-
Notifications
You must be signed in to change notification settings - Fork 18
Description
While running indexgather at scale on some larger Slingshot-11 machines I hit verification failures that turned out to be from failed allocations during exstack_init().
I believe this is from the THREADS*THREADS multiplication in the following allocation overflowing:
bale/src/bale_classic/exstack/exstack.upc
Line 86 in 1b8f673
| XStk->wait_done = lgp_all_alloc(THREADS*THREADS,sizeof(int64_t)); |
For 2**16 PEs this was 2**16 * 2**16, which overflows int (I think it's UB, but for my runs it was trying to do a zero sized allocation). I'd expect any number of PEs larger than 46,340 sqrt(2**31-1) to trigger this behavior.

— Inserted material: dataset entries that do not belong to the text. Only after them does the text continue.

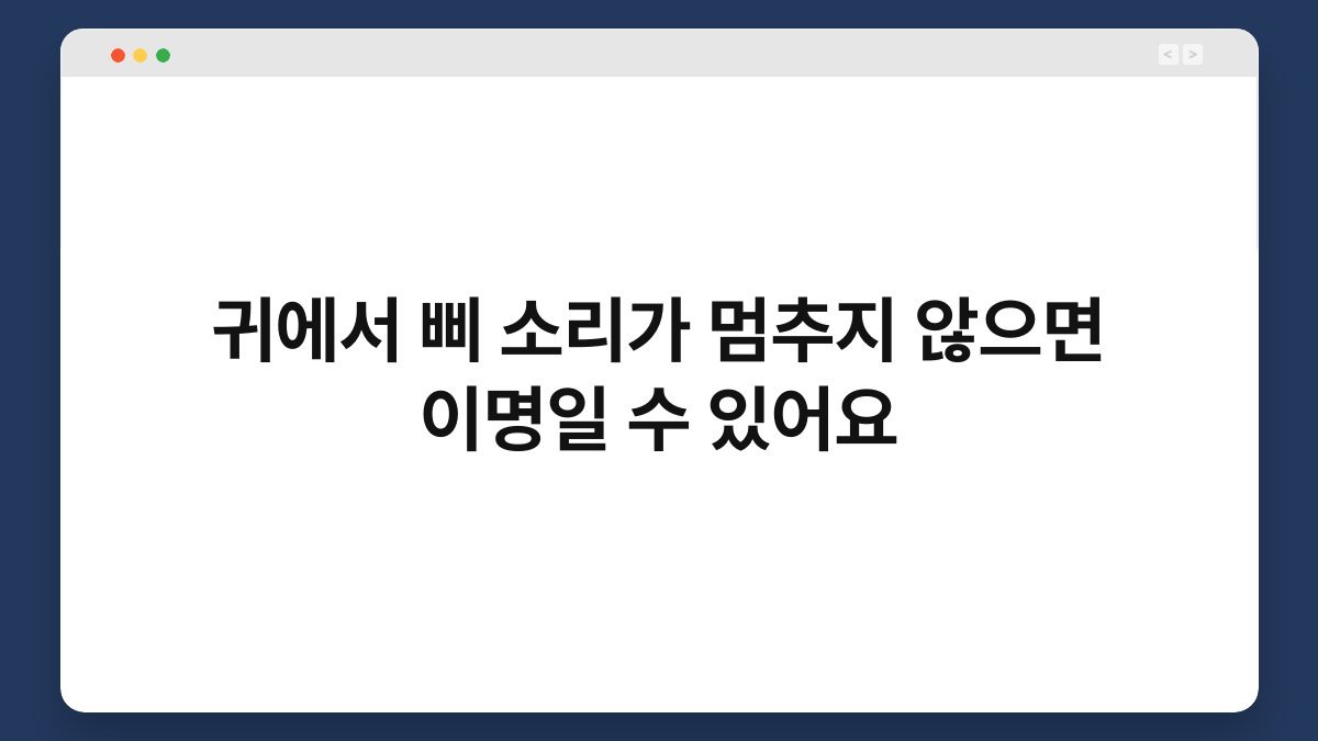 귀에서 삐 소리가 멈추지 않으면 이명일 수 있어요. 이명은 귀에서 소리가 들리는 현상으로, 외부 소음이 없는 상황에서도 지속적으로 소리가 느껴지는 것입니다. 많은 분들이 일상에서 귀에서 나는 소리를 무시하거나 단순한 피로로 치부하기도 합니다. 하지만 이명이 지속된다면 이는 단순한 증상이 아닌, 귀 건강에 대한 신호일 수 있습니다. 이 글을 통해 이명의 원인과 증상, 관리 방법, 그리고 예방 방법에 대해 알아보도록 하겠습니다. 이를 통해 귀 건강을 지키는 데 도움이 되실 것입니다.
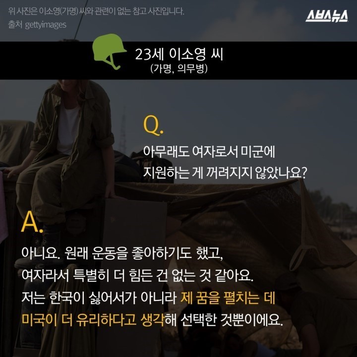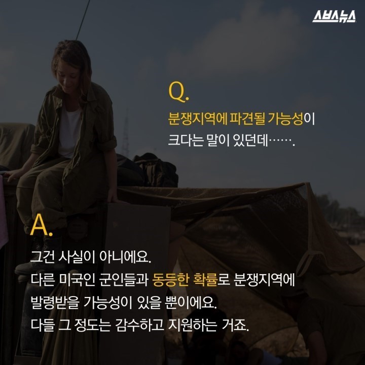 Q. 아무래도 여자로서 미군에 지원하는 게 꺼려지지 않았나요?
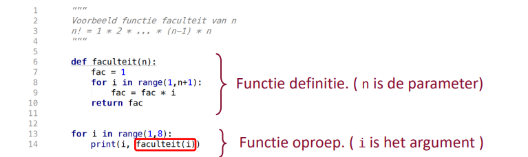 geef de vorm van een functie adhv het voorbeeld met de faculteit te berekenen
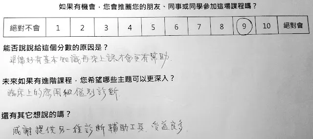 不過,今天在車上與柯主任討論了一下,腹診的課程還是比較適合給實習醫師以上來聽,有臨床的經驗會更有感,也會有更多的回饋才是!另外,這一場因為只有我一個人前去花蓮,沒有找人拍照,所以就沒有照片給大家參考了~~

Looking through the code, the only other obvious overflow I saw was:
bale/src/bale_classic/exstack/exstack.upc
Line 112 in 1b8f673
| lgp_put_int64(Xstk->wait_done, MYTHREAD*THREADS + Xstk->put_order[i], 1L); |
I wanted to check if this issue was surprising and whether anybody else has run exstack at this scale. I think 2**16 PEs is 128G of aggregator buffers per node, so it may just be beyond the scale exstack was designed for.